Моя мать – девственница. Можете мне поверить. Моя мать, Нора, – полыхающий каледонский маяк – утверждает, что не тронута рукой мужчины и чиста, как Жанна д’Арк или свежевыпавший снег на Грампианских горах. Если бы полиция выстроила несколько женщин в ряд, как на опознании, и попросила вас выбрать среди них девственницу, вы бы никогда, ни за что не выбрали Нору.

Значит, я – дитя чуда и волшебства? Может быть, накануне моего рождения в ночном небе явились знаки и предвестия? Может быть, Нора – Пресвятая Дева? Нет, конечно.

Если верить моей метрике, я родилась в Обане, а это, по-моему, совсем неподходящий город для второго пришествия. Нора окутала начало моего земного бытия таким туманом, такой тайной, что я выросла в уверенности: я не иначе как принцесса инкогнито, королевской (истинно голубой) крови, и жду лишь дня, когда смогу без опаски вступить в права владения. Теперь оказывается, что все гораздо сложнее.

Мне двадцать один год, и меня (насколько мне известно, – кажется, у нас ни в чем не может быть полной уверенности) зовут Эвфимия Стюарт-Мюррей. Уменьшительное – Эффи. В честь Нориной сестры, которая утонула в реке в день, когда родилась я. Самой Норе было всего семнадцать лет, когда я вошла в этот материальный мир. Дитяти пришлось воспитывать дитя, как говорит она.

Конечно, из Стюартов-Мюрреев я никого не знаю. В моем детстве не было ни доброго дедушки, ни дядьев, всегда готовых со мной поиграть. Нора никогда не гостила у брата, не вспоминала с задумчивой нежностью о матери. Даже само имя нашего рода звучит для меня непривычно, ибо всю мою жизнь мы с Норой обходились гораздо более прозаической фамилией, Эндрюс. А если у человека нет уверенности в собственном имени, в чем он вообще может быть уверен? Моя мать так мало общается с родственниками (а родственники – с ней), что, может быть, ее вынесло на берег волной в перламутровой раковине или она выпрыгнула, уже взрослая и соразмерная, из головы какого-нибудь гневного бога, и в жилах ее течет холодная золотая жидкость[3]Аллюзия на рождение греческой богини мудрости Афины из головы Зевса..

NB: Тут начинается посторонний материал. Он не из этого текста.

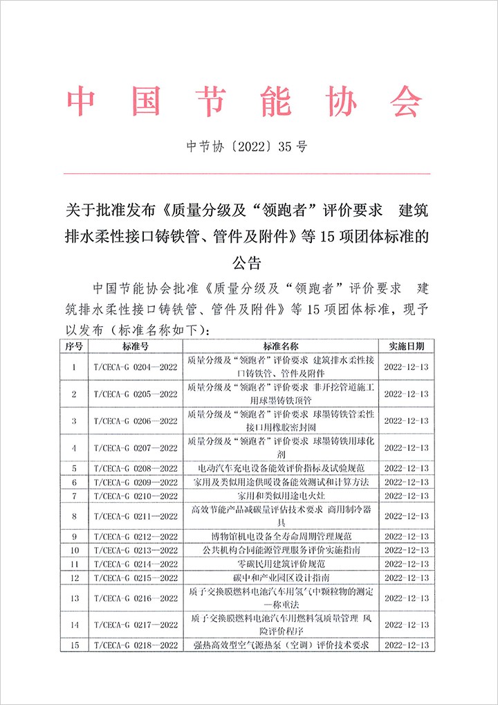 以上為中國節(jié)能協(xié)會關(guān)于批準(zhǔn)發(fā)布《質(zhì)量分級及“領(lǐng)跑者”評價(jià)要求 建筑排水柔性接口鑄鐵管、管件及附件》等15項(xiàng)團(tuán)體標(biāo)準(zhǔn)的公告(中節(jié)協(xié)[2022]35號)的檢測服務(wù)介紹,如有其他疑問可聯(lián)系在線工程師!

Нора всю мою жизнь упорно молчала о нашей родне. Единственное, что она мне открыла, – мы происходим из того же рода, что Мария Стюарт, и пороки этой давно почившей королевы настигают нас из поколения в поколение. Особенно, по словам Норы, склонность выбирать не тех мужчин. Но мне кажется, эта черта характерна не только для Марии Стюарт и даже не только для представителей рода Стюартов-Мюрреев.

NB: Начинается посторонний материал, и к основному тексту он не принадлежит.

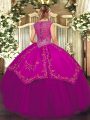 Modern V-neck Sleeveless Quinceanera Gowns Floor Length Beading and Embroidery Fuchsia Taffeta and Tulle

Я вернулась домой – если это можно назвать домом, ведь я никогда здесь не жила. Моя жизнь – сплошные парадоксы. Я забралась на крайний запад – дальше просто некуда, между нами и Америкой только океан. Я на острове в этом океане. Пятнышко торфа поросло вереском и ощетинилось чертополохом. С Луны его не увидать. Остров моей матери. Нора говорит, что это не ее остров и что сама концепция землевладения лишена смысла, более того – идеологически неверна. Но хочет того Нора или нет, она владычица всего, что видит глаз. Хотя это – большей частью вода[4]Первая отсылка к шекспировской «Буре». Как владычица острова, позже называемая «магиней» (женская форма от слова «маг»), Нора уже является женской версией Просперо, но в то же время и ведьмой Сикораксой. Однако тут Аткинсон играет с вопросом владения островом, который неоднократно поднимается в пьесе, и, в частности, с заявлением Калибана: «Ведь остров – мой: он матерью в наследство // Оставлен мне» (акт I, сц. 2; здесь и далее «Буря» цитируется по переводу Т. Щепкиной-Куперник, если не оговорено иное)..

Мы не одни. Остров кишит упорной шотландской живностью – зверями в толстых шубах и злобными птицами. Они снова захватили эту землю, когда люди покинули ее ради удобной жизни на материке. Нора – она из тех, кто вечно плюет против ветра, – совершила путешествие в обратном направлении, покинув удобства Большой земли ради этого заброшенного клочка суши. Впрочем, под «Большой землей» мы не всегда подразумеваем материк как таковой. Часто имеется в виду соседний остров, чуть больше нашего. Так съежился наш мир.

Нора, вечное перекати-поле, блуждающая звезда, диаспора из одного человека (двух, считая меня), провела годы моего детства в изгнании с родной земли, порхая с одного английского морского курорта на другой, словно охваченная синдромом навязчивых картографических действий, гонящим ее мерить шагами побережье. Глядя на нас, можно было подумать, что мы – отдыхающие, чей отпуск никогда не кончается.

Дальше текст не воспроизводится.